Engineering caveolin-mediated endocytosis in Saccharomyces cerevisiae

Abstract

As a potential substitute for fatty acids, common low-cost oils could be used to produce acetyl-CoA derivatives, which meet the needs of low-cost industrial production. However, oils are hydrophobic macromolecules and cannot be directly transported into cells. In this study, caveolin was expressed in Saccharomyces cerevisiae to absorb exogenous oils. The expression of caveolin fused with green fluorescent protein showed that caveolin mediated the formation of microvesicles in S. cerevisiae and the addition of 5,6-carboxyfluorescein showed that caveolae had the ability to transport exogenous substances into cells. The intracellular and extracellular triacylglycerol levels were then detected after the addition of soybean oil pre-stained with Nile Red, which proved that caveolae had the ability to absorb the exogenous oils. Lastly, caveolin for oils absorption and lipase from Bacillus pumilus for oil hydrolysis were co-expressed in the naringenin-producing Saccharomyces cerevisiae strain, resulting in naringenin production increasing from 222 mg/g DCW (dry cell weight) (231 mg/L) to 269 mg/g DCW (241 mg/L). These results suggested that the caveolin-mediated transporter independent oil transport system would provide a promising strategy for the transport of hydrophobic substrates.
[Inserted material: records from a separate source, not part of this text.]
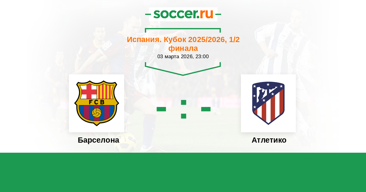 Испания. Кубок 12.02.2026 Атлетико Логотип футбольный клуб Атлетико (Мадрид) 4:0 Логотип футбольный клуб Барселона Барселона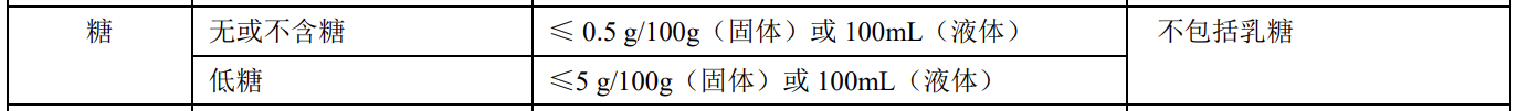 按照我國營養(yǎng)標(biāo)簽標(biāo)準(zhǔn)規(guī)定,如果食品中糖含量≤5g/100g(或100ml),屬于“低糖”食品,糖含量≤0.5g/100g(或100ml),就屬于“無糖”食品。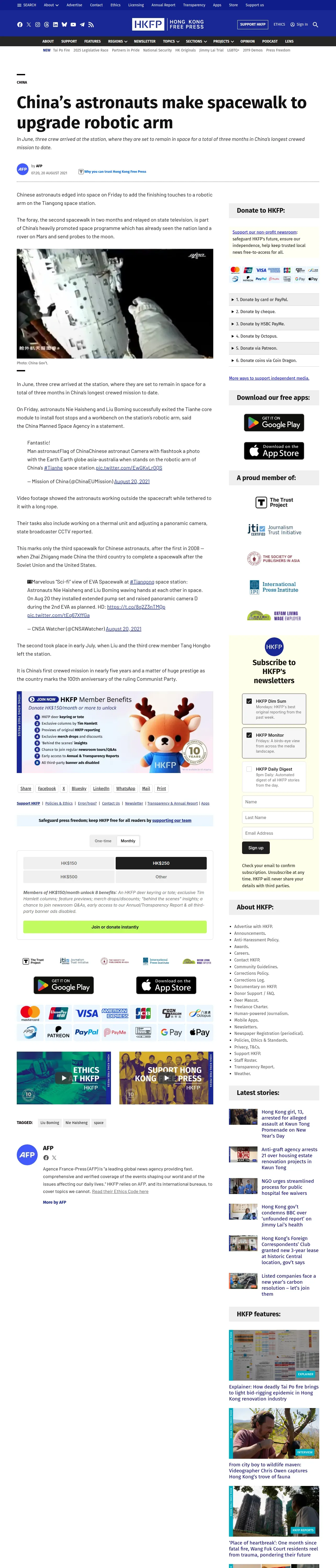 https://hongkongfp.com:443/2021/08/20/chinas-astronauts-make-spacewalk-to-upgrade-robotic-arm/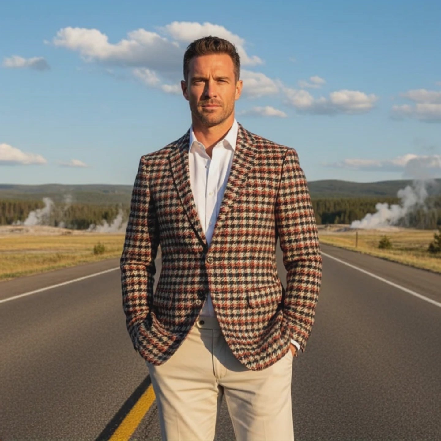 The Men’s Classic Light Business Contrast Faux Woolen Houndstooth Single-breasted Blazer delivers a sophisticated blend of texture and tailoring in a lightweight package. With its faux-woolen houndstooth fabric, clean single-breasted silhouette, and refined detailing, this blazer offers a polished, adaptable layer suitable for a wide range of occasions—from formal meetings to smart-casual events. Add this blazer to your wardrobe to achieve a sharp, contemporary look with day-to-day comfort.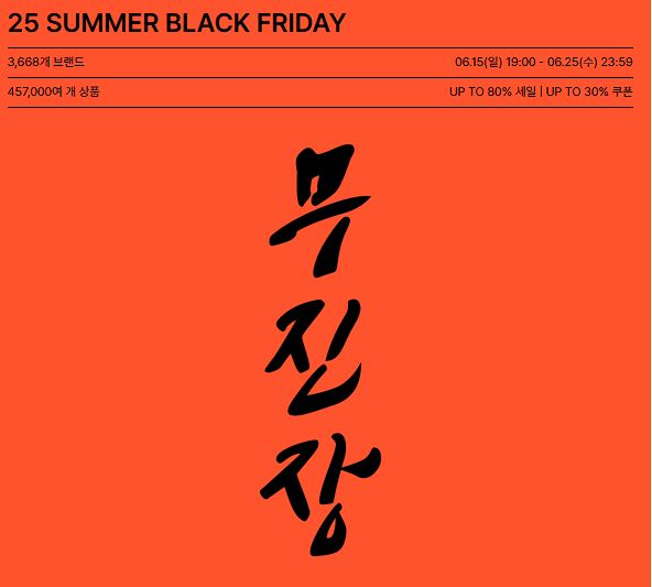 무신사 무진장 25 썸머 블랙 프라이데이 무신사 무진장 25 썸머 블랙 프라이데이 정보 포스팅입니다. 무신사 무진장 25 썸머 블랙 프라이데이 이벤트 예정이네요. 할인 품목 : 의류, 가방, 신발 등 이벤트 기간 : 2025년 6월 15일 오후 7시 ~ 2025년 6월 25일 무신사 무진장 25 썸머 블랙 프라이데이 정보 [링크] 핫딜/패션&스포츠 2025.06.15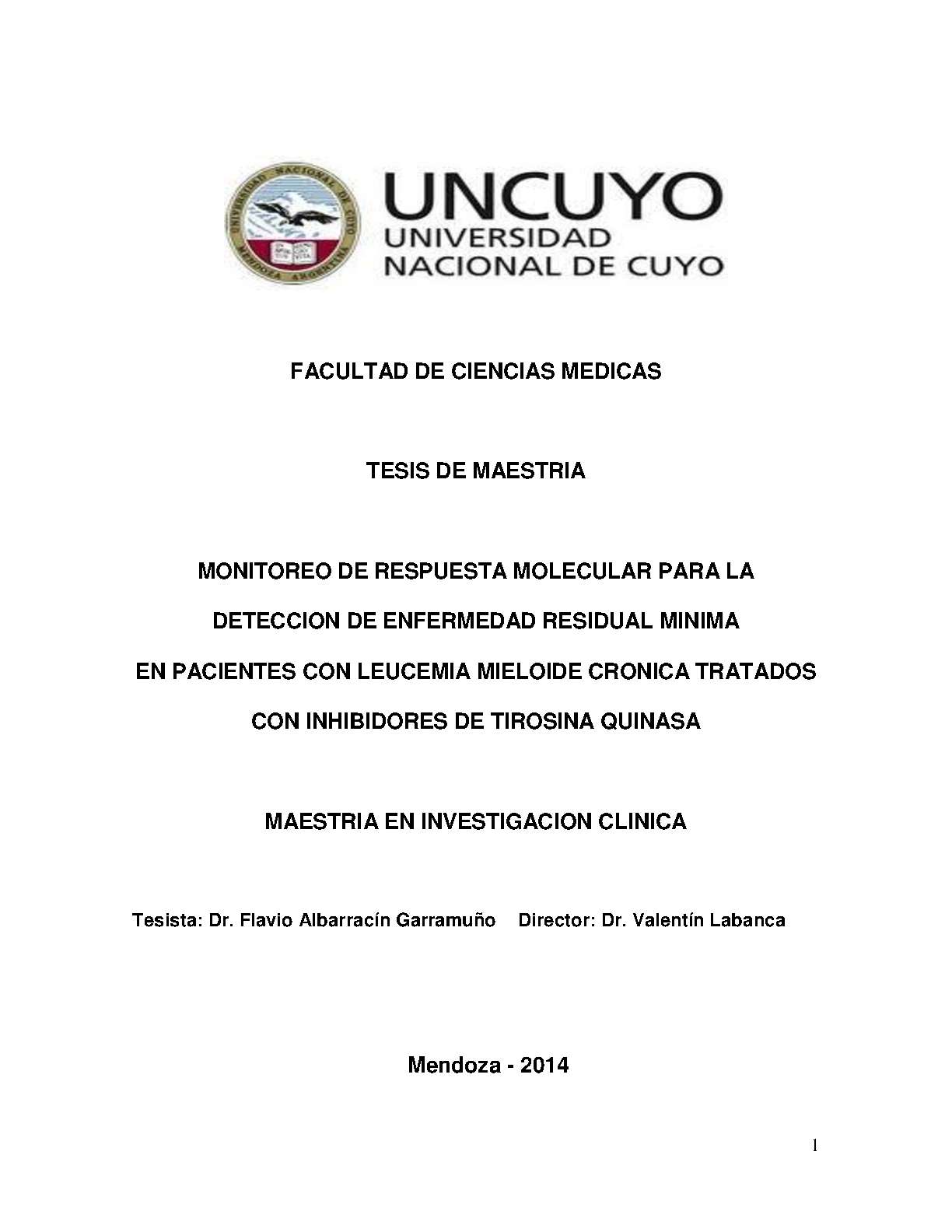 INVESTIGACIÓN BIOMÉDICA - LEUCEMIA MIELÓGENA CRÓNICA BCR-ABL POSITIVA - LEUCEMIA MIELOIDE - NEOPLASIAS HEMATOLÓGICAS - PROTEÍNAS TIROSINA QUINASAS/ ANTAGONISTAS & INHIBIDORES - NEOPLACIAS RESIDUALES - MONITOREO INMUNOLÓGICO - INMUNOTERAPIA - UNIVERSIDAD NACIONAL DE CUYO. FACULTAD DE CIENCIAS MÉDICAS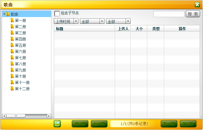 单击“歌曲”按钮,弹出资源面板, 左侧是知识体系结构,右侧是资源列表。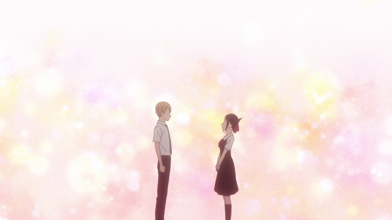 After three episodes of Kaguya just turning to jelly, we finally get to see Shirogane’s perspective on his feelings for Kaguya. I found it interesting of his true reasons to have Kaguya be the one to confess first. While yes, pride was a key factor as we all knew, but he also felt like they would be able to date as equals if she, a high status, confessed to him, a lower status. However, because of all the things they went through, Shirogane was willing to let go of his pride and confess right then and there to Kaguya… only to back out at the last second and tell her what he actually wanted to talk about. But I’m glad that he didn’t confess to her since I’d rather them confess to each other on their own terms rather than being forced into it… despite that being what the series has been striving for this entire time lol. Still, it was nice to see that he is willing to set aside his pride in order for them to be together… when the time is right. And it was mighty cute for Kaguya not to get angry over it and instead gave him a yes to “both things” which was very swoon worthy.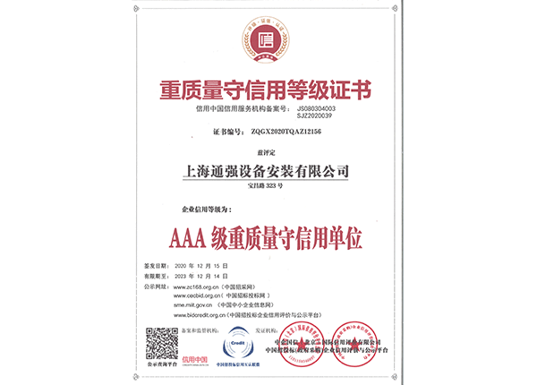 上海通強設備安裝有限公司注冊資金2000萬元,資產(chǎn)總量為100000萬元的專業(yè)設備安裝公司,公司專業(yè)從事工業(yè)與民用建筑的設備安裝、非標設備的制作、鋼結構制作安裝、中央空調(diào)系統(tǒng)的安裝,水電及管道的安裝。經(jīng)過20多年艱苦創(chuàng)業(yè)現(xiàn)已成為一個具有國家二級安裝資質,獲得上海市“重合同,守信用”的施工單位。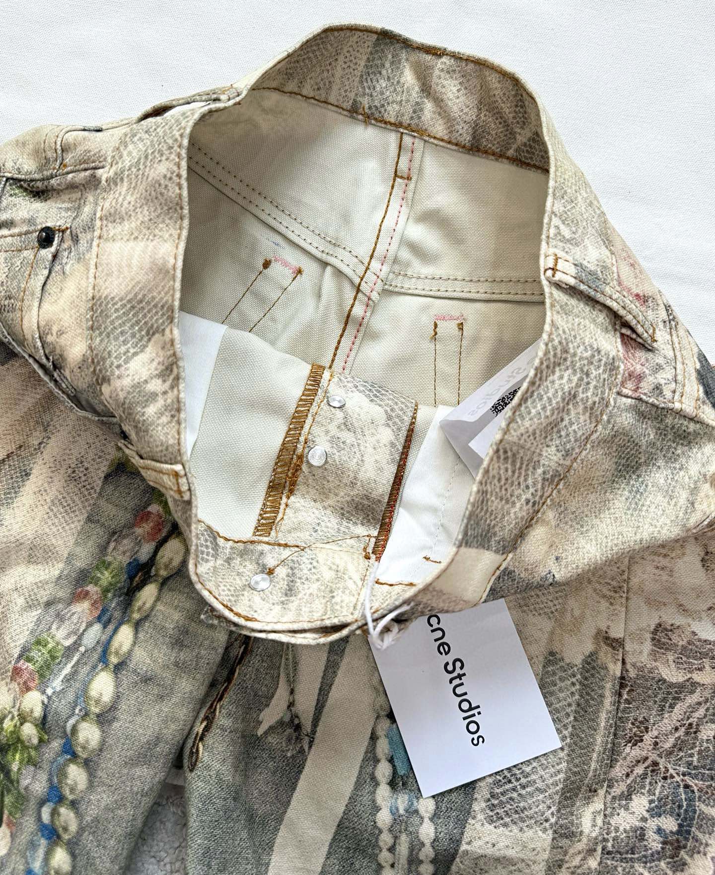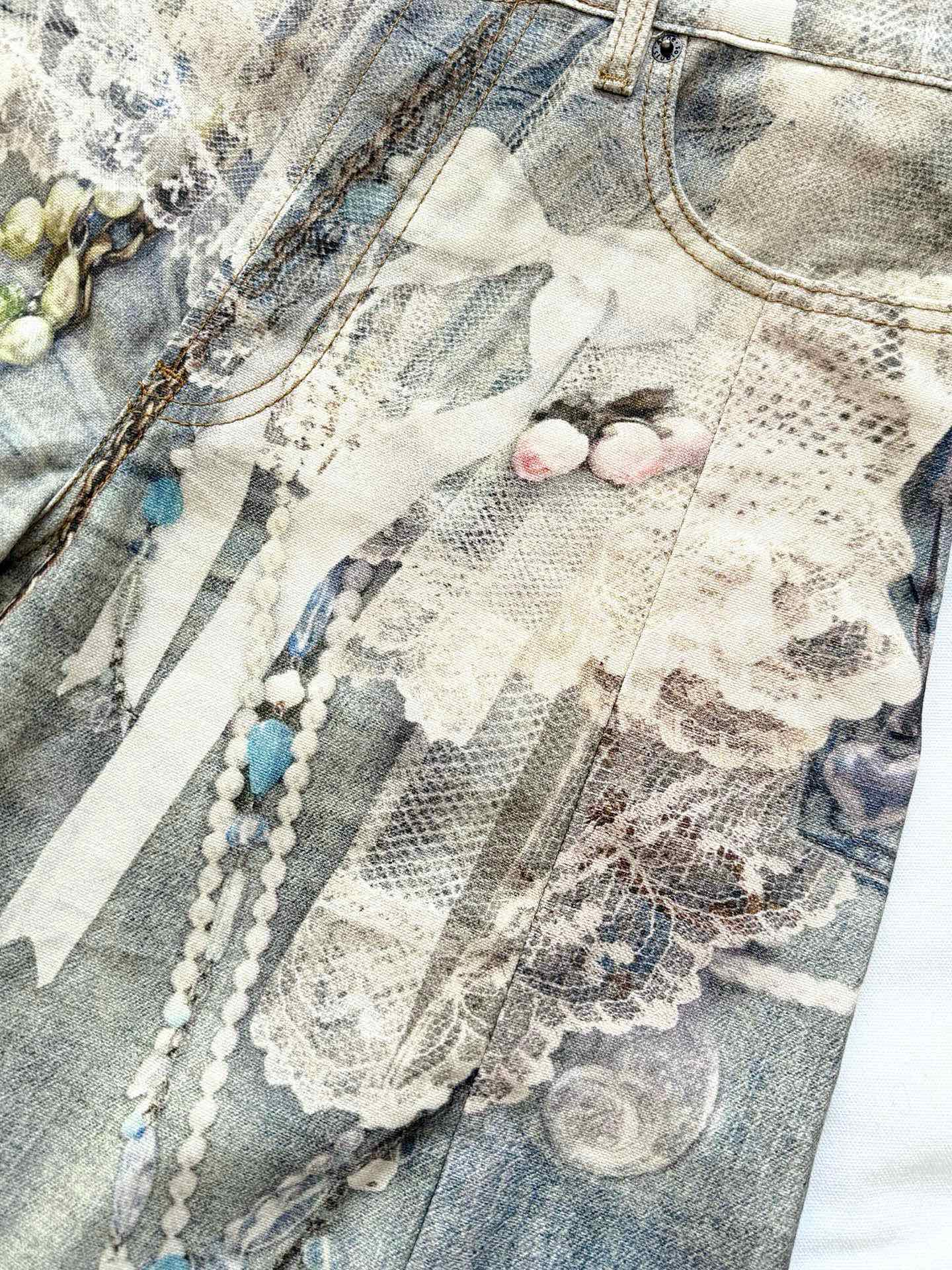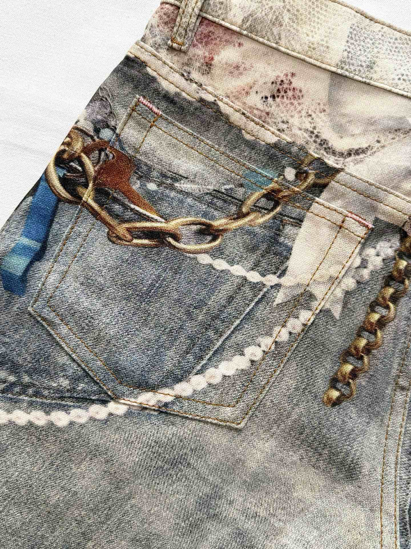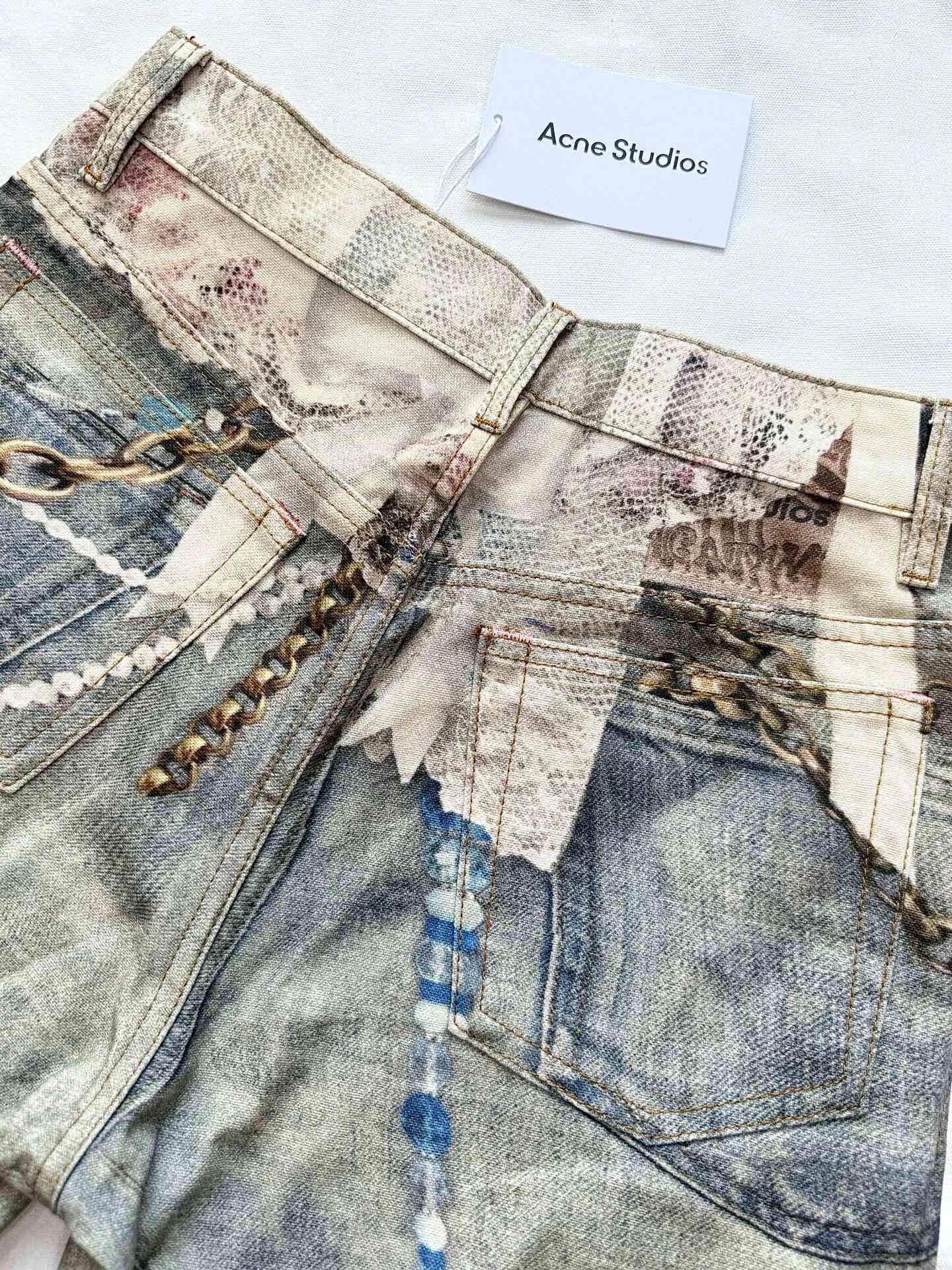 NIGO Acne Studios Men's & Women's Lace Pearl Chain 3D Print Four-Season Relaxed Mid-Rise Straight-Leg Curved Hem Denim Pants #nigo81549

Keywords: (2S)-Naringenin; Caveolin-1; Oil; Saccharomyces cerevisiae; β-Oxidation.

Fig. 1

Confocal microscopy observation of caveolae formed in S. cerevisiae. Figure A, B, C, D and E: Representative images in control strain Z04, engineered strains Z10, Z11, Z12 and Z13, respectively. A-1, B-1, C-1, D-1 and E−1 are under fluorescence microscopy; A-2, B-2, C-2, D-2 and E−2 are under bright field microscopy; A-3, B-3, C-3, D-3 and E−3 are merged images of fluorescence microscopy and bright field microscopy.

Fig. 2

Endocytosis of 5,6-carboxyfluorescein in S. cerevisiae. A: The endocytosis of 5,6-carboxyfluorescein in control strain C800, A-1, A-2 and A-3 under fluorescence field microscopy, bright field microscopy and a merged image of the two, respectively. B: The endocytosis of 5,6-carboxyfluorescein in engineered caveolin-mediated strain Z01, B-1, B-2 and B-3 under fluorescence microscopy, bright field microscopy and a merged image of the two, respectively.

Fig. 3

Endocytosis of hydrophobic substances in S. cerevisiae. A: The endocytosis of soybean oil stained with Nile Red in control strain C800, A-1 and A-2 under bright field and fluorescence microscopy. B: The endocytosis of soybean oil stained with Nile Red in engineered caveolin-mediated strain Z01, B-1 and B-2 under bright field and fluorescence field microscopy.

Fig. 4

TLC analysis of intracellular and extracellular TAGs and FFAs. Lane 1: TLC analysis of extracellular lipids of engineered strain Z01 in YPDSO medium. Lane 2: TLC analysis of extracellular lipids of control strain C800 in YPDSO medium. Lane 3: TLC analysis of extracellular lipids of engineered strain Z01 in YPD medium. Lane 4: TLC analysis of extracellular lipids of control strain C800 in YPD medium. Lane 5: blank control of YPDSO medium; Lane 6: TAGs standard; Lane 7: free fatty acids (FFAs) standard. Lane 8: TLC analysis of intracellular lipids of engineered strain Z01 in YPDSO medium. Lane 9: TLC analysis of intracellular lipids of control strain C800 in YPDSO medium. Lane 10: TLC analysis of intracellular lipids of engineered strain Z01 in YPD medium. Lane 11: TLC analysis of intracellular lipids of control strain C800 in YPD medium.

Fig. 5

Effects of CAV1 and lipases on naringenin production. A: The endocytosis process of soybean oil by caveolae and (2S)-naringenin biosynthetic pathway in S. cerevisiae. The dotted line represents multistep reactions. TAL, tyrosine ammonia lyase; 4CL, 4-hydroxycinnamoyl-CoA ligase; CHS, chalcone synthase; CHI, chalcone isomerase. B: The naringenin production of engineered strains in YPDSO medium. C: The naringenin production of engineered strains in YPD medium. BP: lipase from Bacillus pumilus, TGL1: the gene of sterol ester hydrolase from S. cerevisiae, TGL3: the gene of lipase from S. cerevisiae. Cyan columns represent OD₆₀₀; yellow columns represent the production of naringenin. D: The residues of soybean oil in engineered strains. All data are means ± SD (n ≥ 3). *P < 0.05; **P < 0.01; ***P < 0.001; n. s. P > 0.05. (Student's t-test: two-tailed, two-sample equal variance).